WHAT THIS TASK INVOLVES>
Every line of the data below is to be given again as it appears, with the images removed.

INFORMATION PROVIDED>
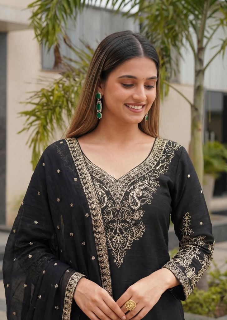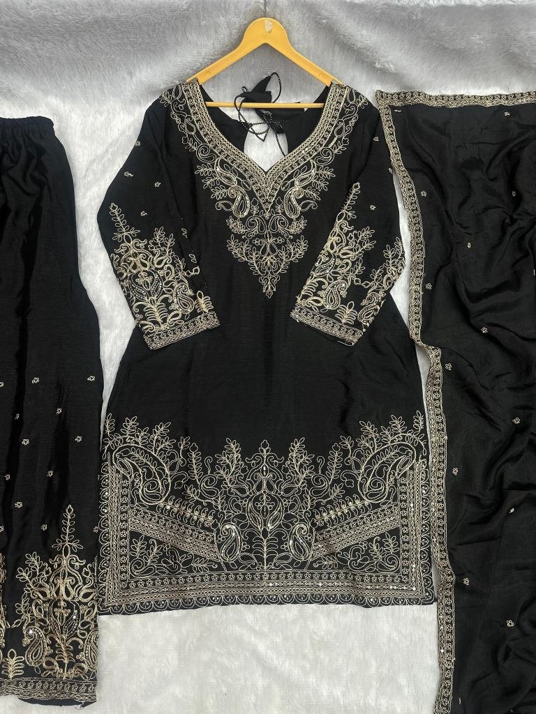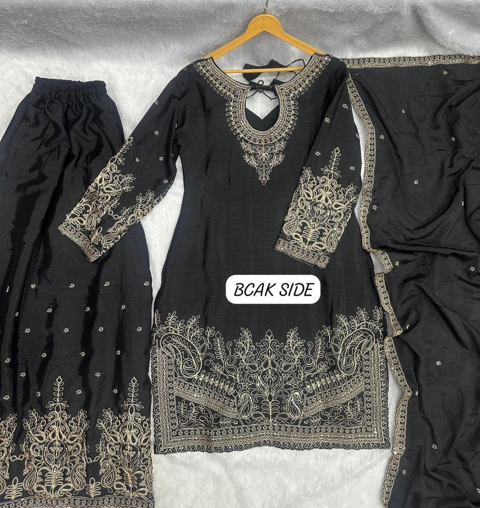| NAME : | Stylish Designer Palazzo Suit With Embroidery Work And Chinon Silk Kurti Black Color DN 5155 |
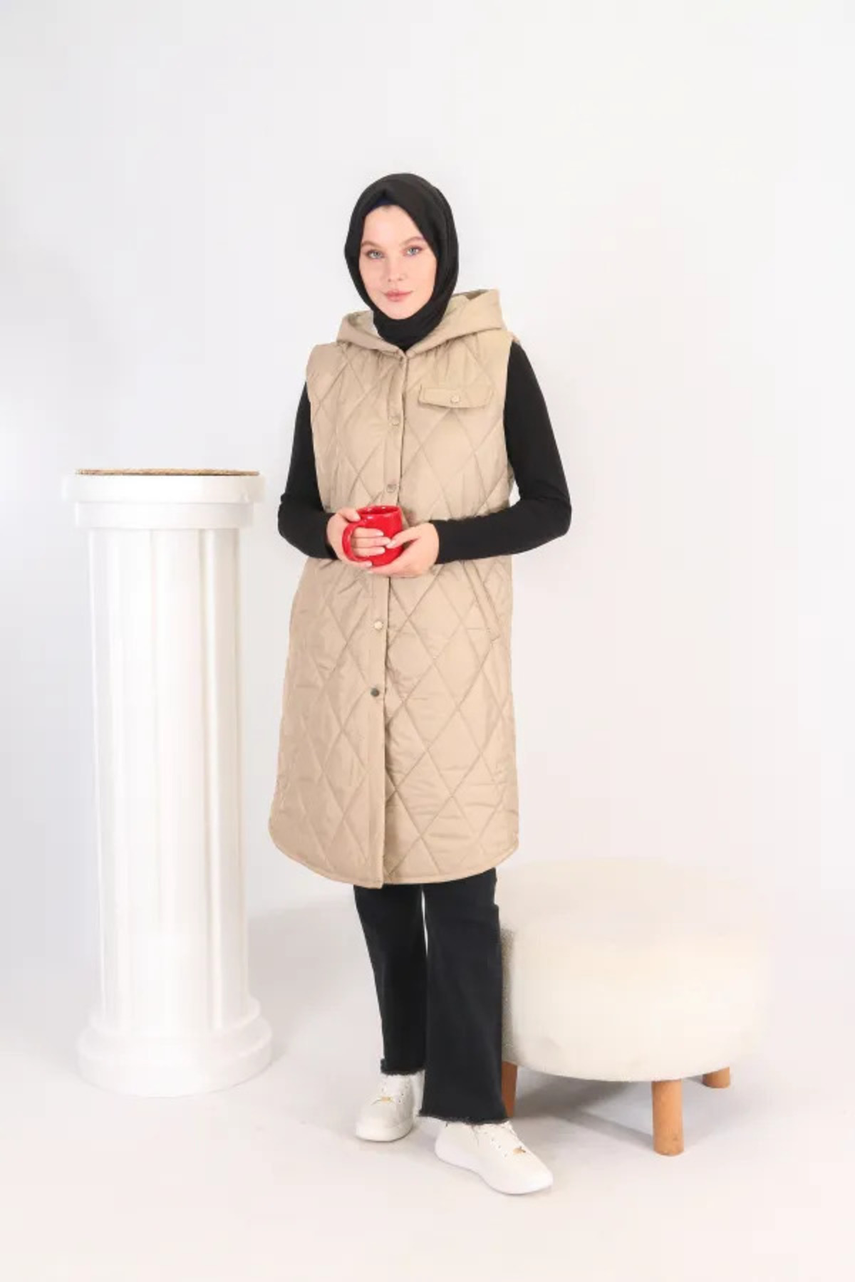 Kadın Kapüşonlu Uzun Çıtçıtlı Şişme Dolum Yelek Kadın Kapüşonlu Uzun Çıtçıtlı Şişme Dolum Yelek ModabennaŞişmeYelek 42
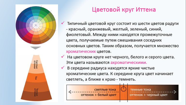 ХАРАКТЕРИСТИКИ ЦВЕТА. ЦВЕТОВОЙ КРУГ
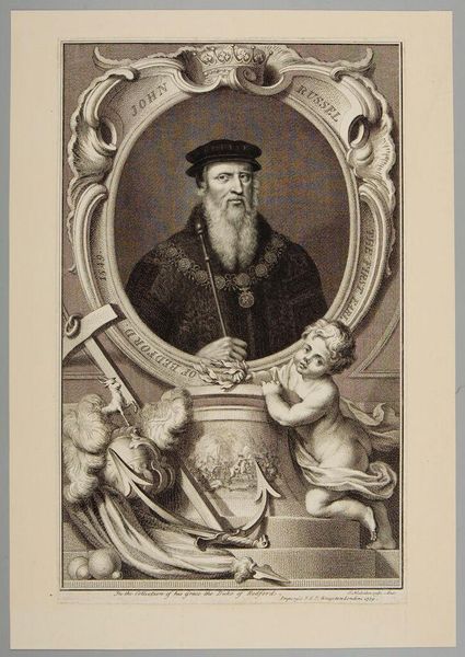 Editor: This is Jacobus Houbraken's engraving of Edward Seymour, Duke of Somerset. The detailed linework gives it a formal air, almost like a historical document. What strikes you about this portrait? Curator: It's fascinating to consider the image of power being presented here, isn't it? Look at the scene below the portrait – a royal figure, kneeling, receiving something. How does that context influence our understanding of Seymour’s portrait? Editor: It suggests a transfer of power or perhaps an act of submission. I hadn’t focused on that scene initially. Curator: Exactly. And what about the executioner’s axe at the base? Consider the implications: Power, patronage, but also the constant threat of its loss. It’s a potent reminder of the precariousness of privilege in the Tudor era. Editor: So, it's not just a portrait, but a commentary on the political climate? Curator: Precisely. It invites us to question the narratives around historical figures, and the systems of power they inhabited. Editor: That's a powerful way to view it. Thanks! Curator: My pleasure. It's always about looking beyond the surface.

ANSWER SECTION>
| NAME : | Stylish Designer Palazzo Suit With Embroidery Work And Chinon Silk Kurti Black Color DN 5155 |
 Kadın Kapüşonlu Uzun Çıtçıtlı Şişme Dolum Yelek Kadın Kapüşonlu Uzun Çıtçıtlı Şişme Dolum Yelek ModabennaŞişmeYelek 42
 ХАРАКТЕРИСТИКИ ЦВЕТА. ЦВЕТОВОЙ КРУГ
 Editor: This is Jacobus Houbraken's engraving of Edward Seymour, Duke of Somerset. The detailed linework gives it a formal air, almost like a historical document. What strikes you about this portrait? Curator: It's fascinating to consider the image of power being presented here, isn't it? Look at the scene below the portrait – a royal figure, kneeling, receiving something. How does that context influence our understanding of Seymour’s portrait? Editor: It suggests a transfer of power or perhaps an act of submission. I hadn’t focused on that scene initially. Curator: Exactly. And what about the executioner’s axe at the base? Consider the implications: Power, patronage, but also the constant threat of its loss. It’s a potent reminder of the precariousness of privilege in the Tudor era. Editor: So, it's not just a portrait, but a commentary on the political climate? Curator: Precisely. It invites us to question the narratives around historical figures, and the systems of power they inhabited. Editor: That's a powerful way to view it. Thanks! Curator: My pleasure. It's always about looking beyond the surface.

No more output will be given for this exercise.